• **WHAT IS NEEDED**:
Could you retype all of the entries exactly, without their pictures?

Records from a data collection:
* * *
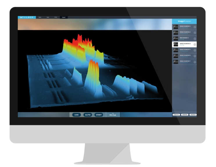 El equipo Quantum de Vilber es un sistema avanzado de documentación de geles, reconocido como el estándar de laboratorio para la obtención de imágenes de ADN y proteínas. Este equipo combina facilidad de uso con un rendimiento excepcional en la captura de imágenes, permitiendo obtener resultados de alta calidad con un solo clic.
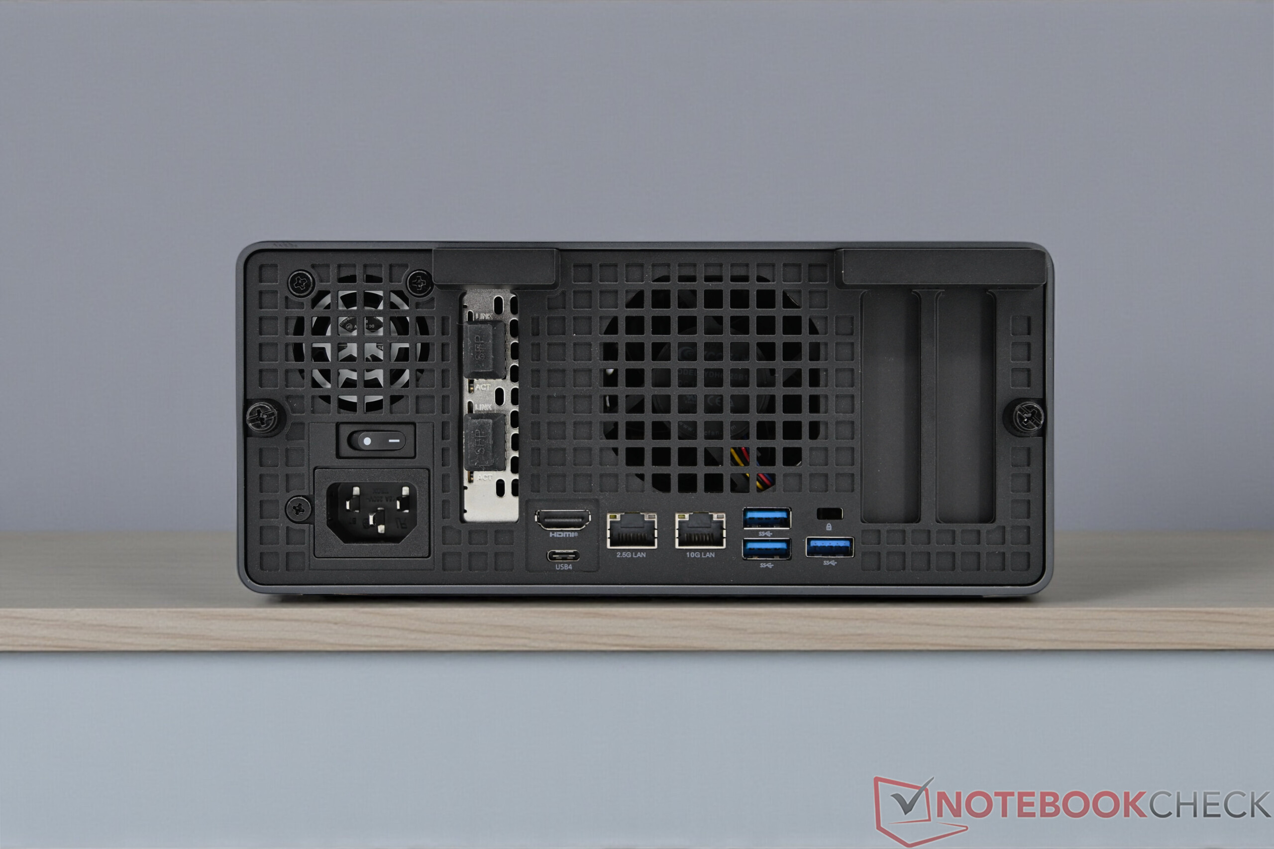 Minisforum MS-02 Ultra впечатляет высококачественным корпусом, гармонично сочетающим металл и пластик и оставляющим впечатление профессионала. Мини-ПК также очень щедро оснащен в плане подключений: несколько современных высокоскоростных портов, включая USB4 V2, обеспечивают максимальную гибкость для периферийных устройств и внешних расширений. Особого внимания заслуживает сетевое оборудование: помимо 2,5-гигабитной и 10-гигабитной локальной сети, система оснащена двумя портами SFP+, обеспечивающими скорость передачи данных до 25 Гбит/с. Компактная система также позволяет установить специализированную видеокарту в компактном формате SFF.
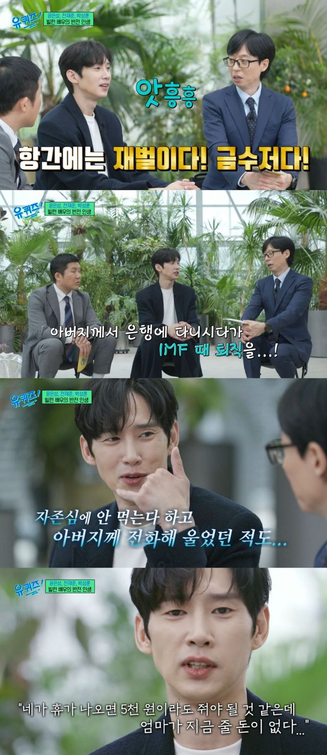 이날 유재석은 한때 화제였던 법대, 의사, 변호사 출신인 박성훈의 집안을 언급하며 "재벌, 금수저라는 오해를 많이 받으셨다"고 말했다.
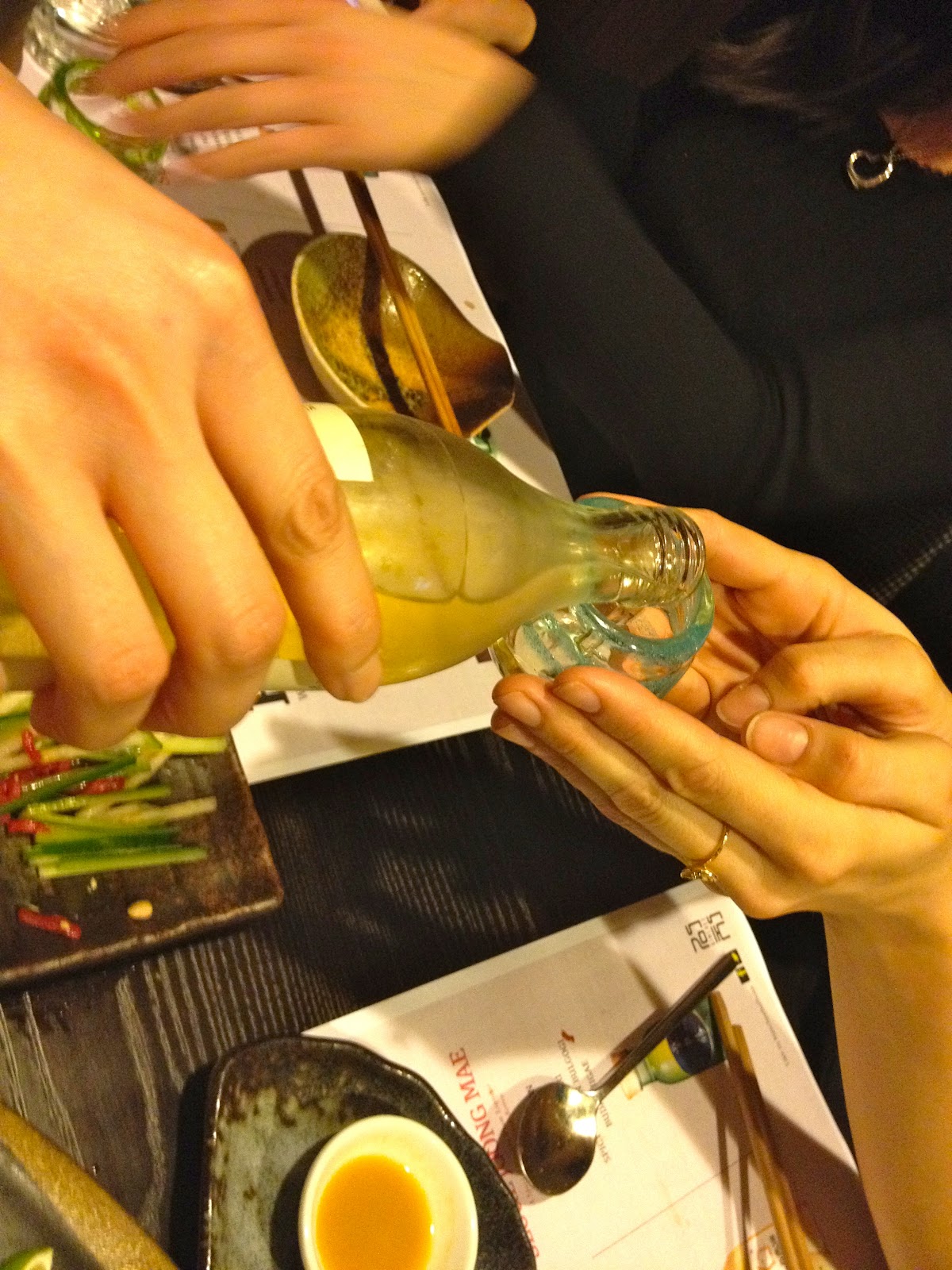 Below left: beef mari – packed with flavour, below right: pouring and receiving drinks Korean way
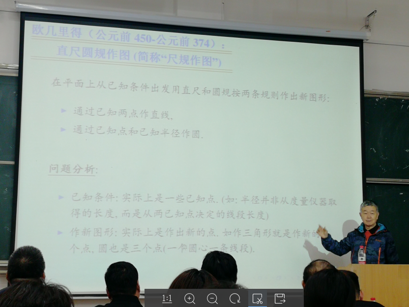 3月31日上午,在金家岭校区西一教111,华中师范大学樊恽教授应邀来beat365官方网站做了题为“几何作图——从欧几里得到高斯、伽罗瓦”的学术报告。报告由beat365官方网站院长高红伟主持,学院党委副书记张雪蕾、海进科教授、辅导员王珺鹏及2018级本科生近200人聆听报告会。此次报告为数统学院“师说新语”讲座2019年第二期,总第8期。
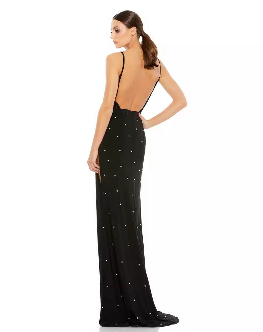 Spaghetti-strap stretch jersey gown with allover rhinestone accents, a thigh-high slit, and sexy open back.
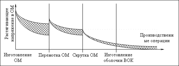Рис. 17. Иллюстрация релаксации напряжений в оболочке ОМ в процессе изготовления ВОК
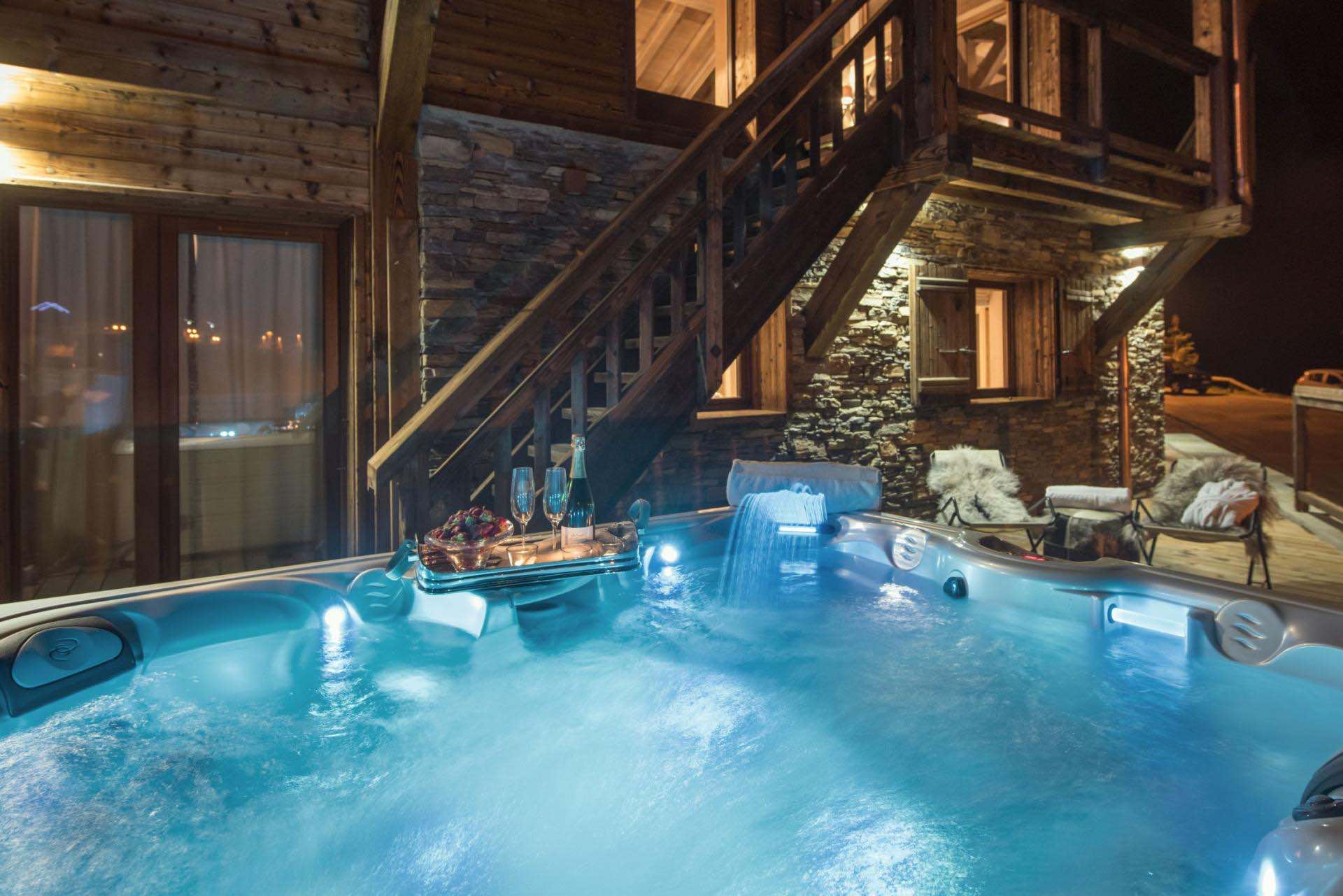 After a day on the slopes, guests can return to a range of premium wellness and leisure facilities designed for comfort and recovery. The chalet offers two outdoor hot tubs, spacious lounge areas centred around a wood-burning fireplace, south-facing balconies, and a fully equipped ski room with heated boot warmers. Entertainment features and thoughtfully designed social spaces enhance the overall experience, making the property as enjoyable off the slopes as it is on them.
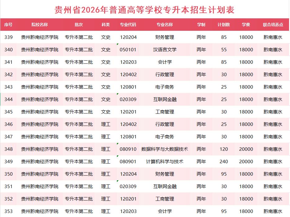 根据《贵州省招生考试院关于公布贵州省2026年专升本招生计划的通告》,贵州黔南经济学院2026年“专升本”招生9个专业,计划共1000人
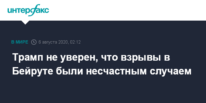 Накануне Трамп заявил, что он не исключает, что серия взрывов в Бейруте - никакой не несчастный случай. Он объяснил, что общался на эту тему с военными США, и те, посмотрев видео взрыва, предположили, что это может быть атакой. При этом следователи в Ливане, как сообщалось, пока склоняются к тому, что причина трагедии - халатность портовых работников.
* * *
• **RESPONSE TO THIS TASK**:
 El equipo Quantum de Vilber es un sistema avanzado de documentación de geles, reconocido como el estándar de laboratorio para la obtención de imágenes de ADN y proteínas. Este equipo combina facilidad de uso con un rendimiento excepcional en la captura de imágenes, permitiendo obtener resultados de alta calidad con un solo clic.
 Minisforum MS-02 Ultra впечатляет высококачественным корпусом, гармонично сочетающим металл и пластик и оставляющим впечатление профессионала. Мини-ПК также очень щедро оснащен в плане подключений: несколько современных высокоскоростных портов, включая USB4 V2, обеспечивают максимальную гибкость для периферийных устройств и внешних расширений. Особого внимания заслуживает сетевое оборудование: помимо 2,5-гигабитной и 10-гигабитной локальной сети, система оснащена двумя портами SFP+, обеспечивающими скорость передачи данных до 25 Гбит/с. Компактная система также позволяет установить специализированную видеокарту в компактном формате SFF.
 이날 유재석은 한때 화제였던 법대, 의사, 변호사 출신인 박성훈의 집안을 언급하며 "재벌, 금수저라는 오해를 많이 받으셨다"고 말했다.
 Below left: beef mari – packed with flavour, below right: pouring and receiving drinks Korean way
 3月31日上午,在金家岭校区西一教111,华中师范大学樊恽教授应邀来beat365官方网站做了题为“几何作图——从欧几里得到高斯、伽罗瓦”的学术报告。报告由beat365官方网站院长高红伟主持,学院党委副书记张雪蕾、海进科教授、辅导员王珺鹏及2018级本科生近200人聆听报告会。此次报告为数统学院“师说新语”讲座2019年第二期,总第8期。
 Spaghetti-strap stretch jersey gown with allover rhinestone accents, a thigh-high slit, and sexy open back.
Рис. 17. Иллюстрация релаксации напряжений в оболочке ОМ в процессе изготовления ВОК
 After a day on the slopes, guests can return to a range of premium wellness and leisure facilities designed for comfort and recovery. The chalet offers two outdoor hot tubs, spacious lounge areas centred around a wood-burning fireplace, south-facing balconies, and a fully equipped ski room with heated boot warmers. Entertainment features and thoughtfully designed social spaces enhance the overall experience, making the property as enjoyable off the slopes as it is on them.
 根据《贵州省招生考试院关于公布贵州省2026年专升本招生计划的通告》,贵州黔南经济学院2026年“专升本”招生9个专业,计划共1000人
 Накануне Трамп заявил, что он не исключает, что серия взрывов в Бейруте - никакой не несчастный случай. Он объяснил, что общался на эту тему с военными США, и те, посмотрев видео взрыва, предположили, что это может быть атакой. При этом следователи в Ливане, как сообщалось, пока склоняются к тому, что причина трагедии - халатность портовых работников.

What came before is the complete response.